5 R v Nahi DC Auckland CRI-2014-004-007234, 8 August 2014.

proceeding to trial of the charge against you. That type of discount would normally be included within the discount for a guilty plea, but some of your co-offenders have received a specific discount to reflect this factor and the Crown accepts that it is appropriate in your case as well. I therefore reduce the starting point by two months to reflect this factor.

[16] Your counsel points out that, since the date of the riot, you have engaged actively in counselling sessions and that this has enabled you to gain insight into the factors that are likely to lead to offending of this type. You have also provided me with a letter today in which you express your remorse for what occurred and assure the Court that you will not engage in the future in any similar activity.

[17] Mr Mackle, the onus is really on you here because the parole authorities, at the end of the day, have the final say as to when you are going to be released. If you become involved in similar activities in the future, then you can rest assured that your parole date will continue to be extended. I consider, however, that I should provide discrete recognition today for the fact that you have undertaken rehabilitative activities, including counselling sessions, since the date of the riot. I propose to make a further allowance of three months to reflect this factor.

[18] This leads to an end starting point of two years 11 months before taking into account the discount to be applied in respect of your guilty plea. Your guilty plea was not entered at an early stage because it came on 5 August 2014, which is more than a year after the events that gave rise to the charge took place. However, the Crown accepts that it initially proceeded with the arson charge in spite of the fact that you had made known through your counsel at an early stage that you would be prepared to enter a guilty plea to the charge of riotous damage.
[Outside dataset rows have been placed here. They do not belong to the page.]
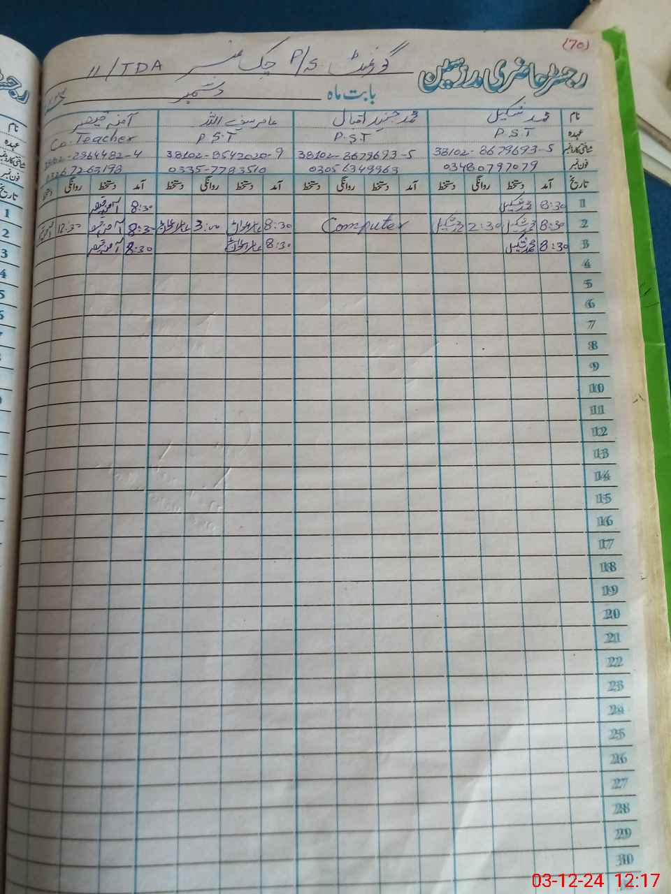 | Name: MU**** SH**** Designation: (School Headmaster's/Headmistress's) PST Phone/Cell Number: 03**** |
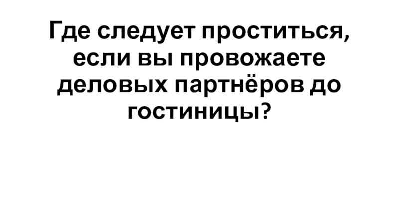 Слайд 20Где следует проститься, если вы провожаете деловых партнёров до гостиницы?
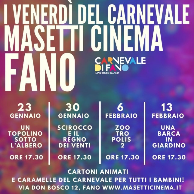 FANO – Per celebrare degnamente lo spettacolare periodo legato agli eventi del Carnevale di Fano, anche il Cinema Masetti ha organizzato una collaborazione che si articolerà in una serie di proiezioni pomeridiane destinate ai più piccoli.
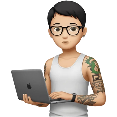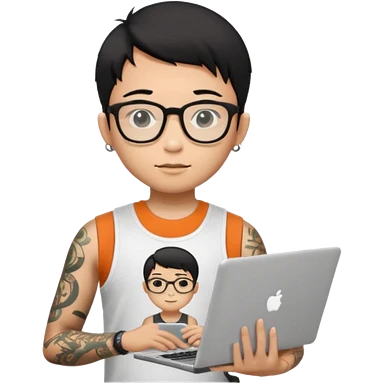 A young boy DEVELOPER WITH A laptop, black straight short hair, wearing glasses, he is asian
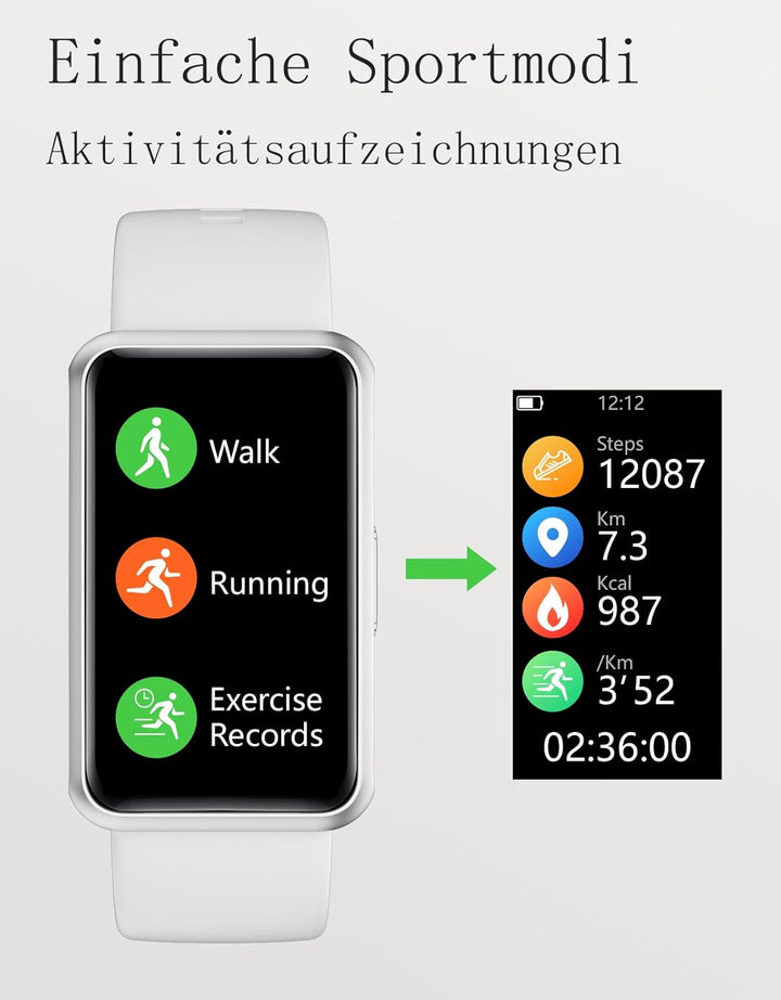 - 【Kein Bluetooth-Design】 Smartwatch hat keine Notwendigkeit, sich mit der App zu verbinden, kein Smartphone erforderlich, einfach die verbrannten Kalorien, Schritte, Entfernung, Uhrzeit und Datum überprüfen, mit Lauf- und Laufsportmodi.

Once the arson charge was withdrawn, you immediately elected to enter a guilty plea. In those circumstances, the Crown accepts that a discount of 25 per cent is appropriate. I therefore propose to apply a discount of nine months to reflect this factor, leading to an end sentence of two years two months imprisonment.

Totality principles

[19] You are currently serving an effective sentence of five years four months imprisonment. This was imposed on you in the District Court on 26 January 2012 on a variety of charges. The fact that I am imposing a cumulative sentence means that I am required to have regard to totality principles.6 I need to ensure that the end sentence you serve on all charges is not out of all proportion to the gravity of your overall offending.
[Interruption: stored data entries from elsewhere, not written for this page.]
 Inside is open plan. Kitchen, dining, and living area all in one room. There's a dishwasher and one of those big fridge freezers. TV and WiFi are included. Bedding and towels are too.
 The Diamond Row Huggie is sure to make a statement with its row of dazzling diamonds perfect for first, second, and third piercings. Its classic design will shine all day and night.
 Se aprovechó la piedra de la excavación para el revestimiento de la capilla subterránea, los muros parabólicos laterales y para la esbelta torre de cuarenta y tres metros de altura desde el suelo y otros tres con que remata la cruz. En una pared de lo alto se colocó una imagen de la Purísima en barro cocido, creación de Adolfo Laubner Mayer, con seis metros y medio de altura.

[20] In this context, the Court of Appeal has stressed that totality principles must be applied carefully when Judges impose cumulative sentences in relation to offences committed whilst in prison.7 If an overly generous approach is taken in this regard, it could severely compromise or undermine the need to maintain prison discipline. I have given this factor consideration, but in the end have elected not to make any adjustment to reflect totality principles. I consider that an end cumulative sentence of two years two months imprisonment viewed against the existing sentences you are already serving is not totally disproportionate to the overall gravity

of your offending.

Sentence

[21] On the charge of riotous damage to which you have pleaded guilty, I impose a sentence of two years two months imprisonment. That sentence is to be served cumulatively on the existing sentences you are currently serving.

[22] Stand down.





Lang J

Solicitors:

Crown Solicitor, Auckland

Counsel:

S Bonnar QC


6 Sentencing Act 2002, s 85(2).

7 Tryselaar v R [2012] NZCA 353 at [18].